Homag Buys Stake in Maker of Radio Frequency Gluing Presses Used for CLT

News Release

Schopfloch, Germany – Homag Group is acquiring a majority interest in the Danish mechanical engineering company Kallesoe Machinery A/S. The investment helps Homag position itself as a leading technology supplier to a sector expected to grow rapidly: mass wood construction. 

Kallesoe Machinery Glulam

Kallesoe Glulam (above) and CLT presses (below) produce mass wood construction materials.

The market includes high-rise wood construction, with edifices reaching 14 stories and up. It also includes large-scale four- and five-story buildings sometimes filling a full city block. To support the weight of the structure both types eliminate steel or concrete, replacing it with massive wood panels and thick wooden pillars glued together on specialized presses. 

Kallesoe specializes in high-frequency presses for the production of board plywood – also known as cross laminated timber – which is used, among other things, for the construction of walls for timber houses. The 70-employee company was founded in 1969, generates a turnover of around €20 million ($24 million U.S.), and has installed around 500 presses worldwide. 

CLT Press

Kallesoe is one of the few suppliers of presses that use high-frequency radio waves to accelerate the curing of the adhesive. Wood processing plants are able to produce faster and more flexibly with this technology. At the same time, operating costs are reduced because the adhesive is cheaper than with alternative bonding processes.
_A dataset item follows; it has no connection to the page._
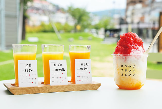農家直送の瀬戸内産柑橘ジュースをはじめ、かき氷、サワー、ビールといったメニューを味わうことができる。

Homag is acquiring 70% of Kallesoe Machinery A/S from the Christensen family, while the Kallesoe family will retain 30%. Homag put the purchase price as somewhere under €15 million ($18 million U.S.).

“It was important for us to find a competent investor for Kallesoe, who will lead the business into a successful future. We are confident that Homag is exactly the right partner for this,” says Otto Christensen, who had previously held the majority stake. “We look forward to working with Homag to expand our position in the growth market of solid wood construction,” said Bruno Kallesoe, chief sales officer of Kallesoe Machinery A/S.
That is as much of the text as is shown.